Optimal configuration after tunuing parameter with
mtry = 3
accuracy = 0.9527778
kappa = 0.9291667
Predictions made after tuning the parameters yielded no misclassifications. That is, an accuracy of 100%.
library(mlbench)
data(PimaIndiansDiabetes)
str(PimaIndiansDiabetes)
## 'data.frame': 768 obs. of 9 variables:
## $ pregnant: num 6 1 8 1 0 5 3 10 2 8 ...
## $ glucose : num 148 85 183 89 137 116 78 115 197 125 ...
## $ pressure: num 72 66 64 66 40 74 50 0 70 96 ...
## $ triceps : num 35 29 0 23 35 0 32 0 45 0 ...
## $ insulin : num 0 0 0 94 168 0 88 0 543 0 ...
## $ mass : num 33.6 26.6 23.3 28.1 43.1 25.6 31 35.3 30.5 0 ...
## $ pedigree: num 0.627 0.351 0.672 0.167 2.288 ...
## $ age : num 50 31 32 21 33 30 26 29 53 54 ...
## $ diabetes: Factor w/ 2 levels "neg","pos": 2 1 2 1 2 1 2 1 2 2 ...
head(PimaIndiansDiabetes, n=5)
## pregnant glucose pressure triceps insulin mass pedigree age diabetes
## 1 6 148 72 35 0 33.6 0.627 50 pos
## 2 1 85 66 29 0 26.6 0.351 31 neg
## 3 8 183 64 0 0 23.3 0.672 32 pos
## 4 1 89 66 23 94 28.1 0.167 21 neg
## 5 0 137 40 35 168 43.1 2.288 33 pos
trainIndex <- createDataPartition(PimaIndiansDiabetes$diabetes, p=0.80, list=FALSE)
PimaIndiansDiabetes$Outcome <- as.factor(PimaIndiansDiabetes$diabetes)
diabetes.training <- PimaIndiansDiabetes[trainIndex, ]

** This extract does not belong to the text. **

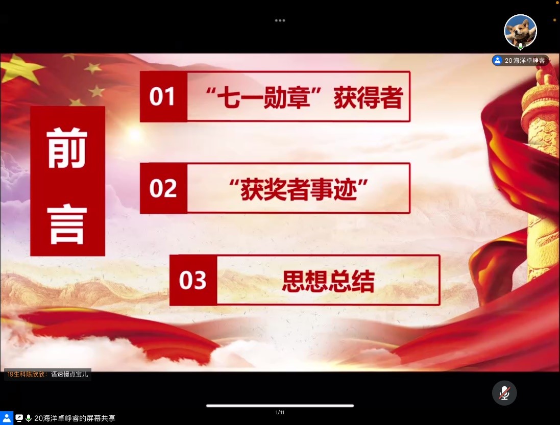 为促进理想信念教育和爱国主义教育,进一步贯彻社会主义核心价值观,公司于2022年4月9日线上举办了第二期读书分享会,主题为“七一勋章”获奖者事迹分享。本次培训的主讲人为学术科技部的卓峥睿同学。
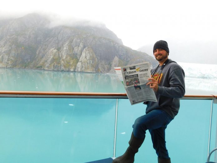 We went honeymooning with Tyler Sims, of Louisville, Ohio. Here he is with Farm and Dairy in front of Margerie Glacier in Glacier Bay National Park in Alaska.

diabetes.testing <- PimaIndiansDiabetes[-trainIndex, ]
prop.table(table(diabetes.training$Outcome))
##
## neg pos
## 0.6504065 0.3495935
prop.table(table(diabetes.testing$diabetes))
##
## neg pos
## 0.6535948 0.3464052
model <- randomForest(diabetes~., data=diabetes.training)
print(model)
##
## Call:
## randomForest(formula = diabetes ~ ., data = diabetes.training)
## Type of random forest: classification
## Number of trees: 500
## No. of variables tried at each split: 3
##
## OOB estimate of error rate: 0%
## Confusion matrix:
## neg pos class.error
## neg 400 0 0
## pos 0 215 0
control <- trainControl(method ="repeatedcv", number = 10, repeats = 10)

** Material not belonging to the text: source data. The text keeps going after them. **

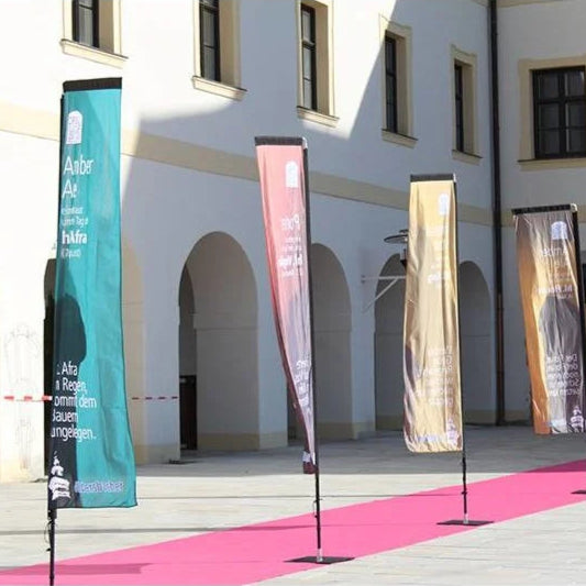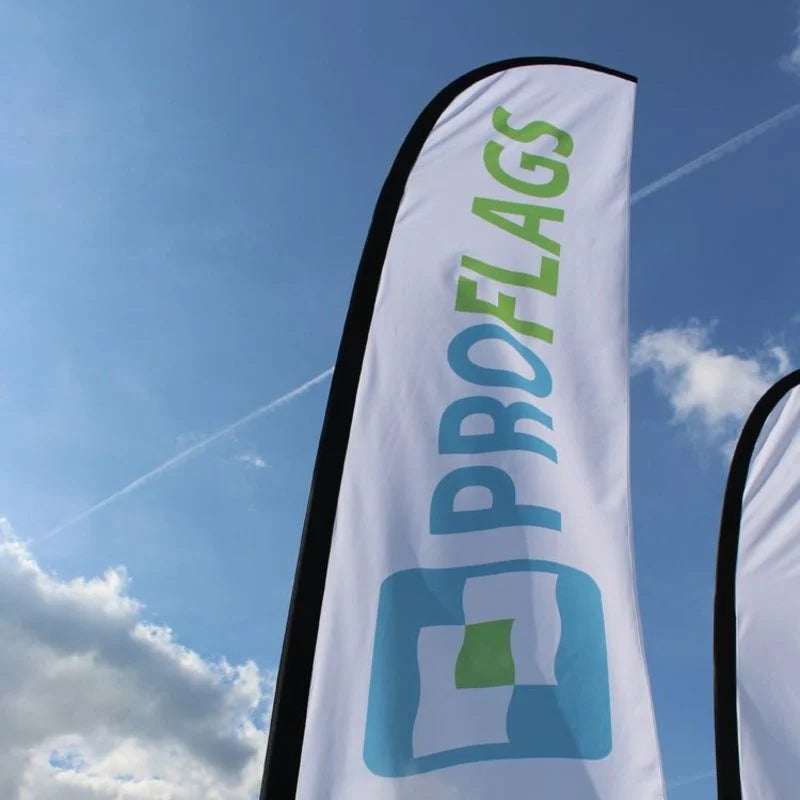 Les drapeaux sont disponibles en quatre tailles (XS à L) avec des impressions de différentes dimensions (70x150 cm pour XS, 90x180 cm pour S, 100x240 cm pour M, et 100x300 cm pour L) et une hauteur totale variable (200 cm à 400 cm). Ils sont fabriqués en toile polyester standard (115 g/m²) ou en textile polyester perforé (120 g/m²). L'impression peut être réalisée par sublimation thermique ou sérigraphie pour des quantités importantes, avec un maximum de 4 couleurs. Les finitions incluent une tige noire ou blanche et un ourlet à couture doublée. Les drapeaux sont lavables à 30ºC et sont principalement utilisés pour la communication d'entreprises, événements, festivals, ou comme supports de sponsors. Le poids varie entre 0,3 et 3,4 kg.
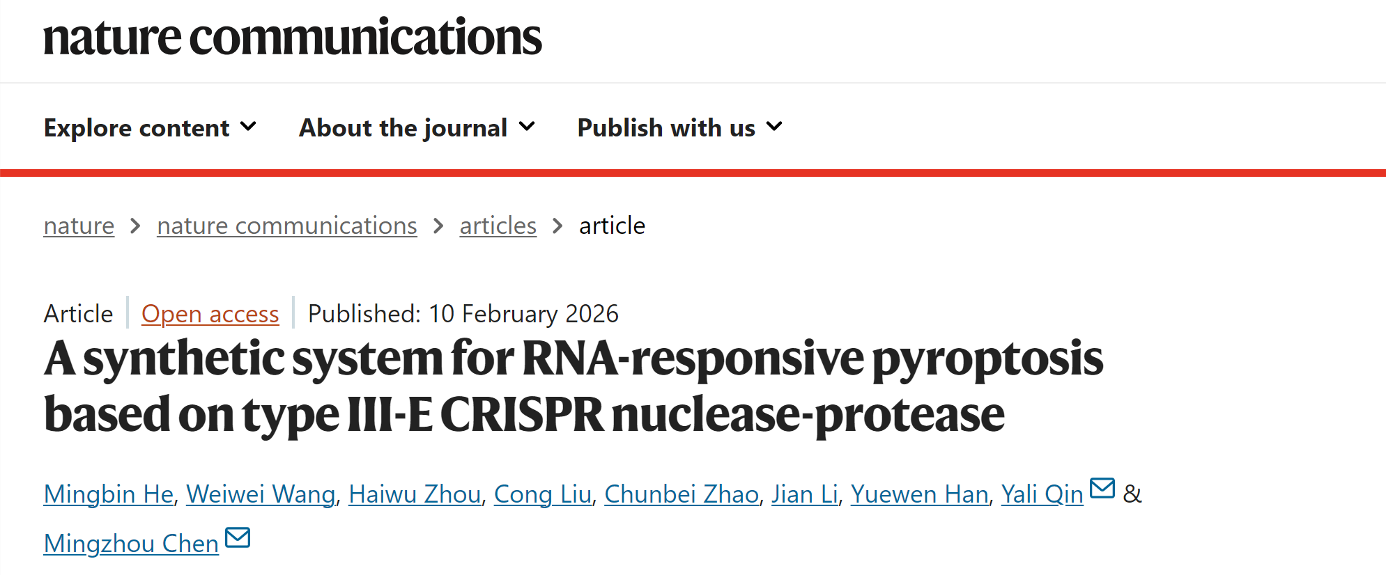 近日,湖北大学生命科学学院病毒学与疫苗研究中心陈明周教授团队在合成生物学领域取得重要研究进展,相关成果以 “A synthetic system for RNA-responsive pyroptosis based on type III-E CRISPR nuclease-protease”为题,发表于国际期刊《Nature Communications》。该工作利用合成生物学技术,成功构建了一种基于RNA响应的可编程细胞焦亡诱导系统——DAMAGE系统,为病毒感染、基因突变相关肿瘤及衰老相关疾病等“RNA异质性疾病”的精准干预提供了全新的策略。
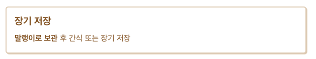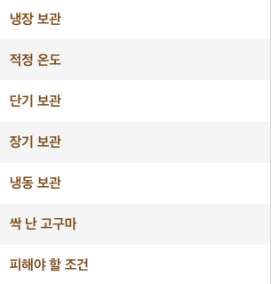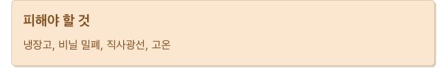 | 피해야 할 것 | 냉장고, 비닐 밀폐, 직사광선, 고온 |
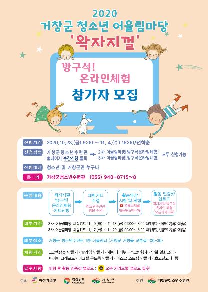 이번 온라인 체험에 참여를 희망하는 청소년이나 군민은 거창군청소년수련관 홈페이지를 통해 오는 10월 23일 오전 9시부터 11월 4일 오후 6시까지 선착순으로 신청 가능하다.

grid <- expand.grid(mtry =c(3,4,5))
model.random.forest <- train(diabetes~., data=diabetes.training, method="rf",
tuneGrid = grid, trConrtol=control)
model.random.forest
## Random Forest
##
## 615 samples
## 9 predictor
## 2 classes: 'neg', 'pos'
##
## No pre-processing
## Resampling: Bootstrapped (25 reps)
## Summary of sample sizes: 615, 615, 615, 615, 615, 615, ...
## Resampling results across tuning parameters:
##
## mtry Accuracy Kappa
## 3 1 1
## 4 1 1
## 5 1 1
##
## Accuracy was used to select the optimal model using the largest value.
## The final value used for the model was mtry = 3.
plot(model.random.forest)
## Evaluate model performance
pred <- predict(model.random.forest,diabetes.testing)
confusionMatrix(pred,diabetes.testing$diabetes)
## Confusion Matrix and Statistics
##
## Reference
## Prediction neg pos
## neg 100 0
## pos 0 53
##
## Accuracy : 1
## 95% CI : (0.9762, 1)
## No Information Rate : 0.6536
## P-Value [Acc > NIR] : < 2.2e-16
##
## Kappa : 1
##
## Mcnemar's Test P-Value : NA
##
## Sensitivity : 1.0000
## Specificity : 1.0000
## Pos Pred Value : 1.0000
## Neg Pred Value : 1.0000
## Prevalence : 0.6536
## Detection Rate : 0.6536
## Detection Prevalence : 0.6536
## Balanced Accuracy : 1.0000
##
## 'Positive' Class : neg
##
Random forest algorithm yielded 0 error rate before parameter tuning.
Parameters were tuned using repeated cross validations with 10 folds and 10 repetitions. Also different values of mtry were used.
All values of mtry yielded 100% accuracy and 100% kappa values
Predictions on the tuned parameters yielded no misclassifications.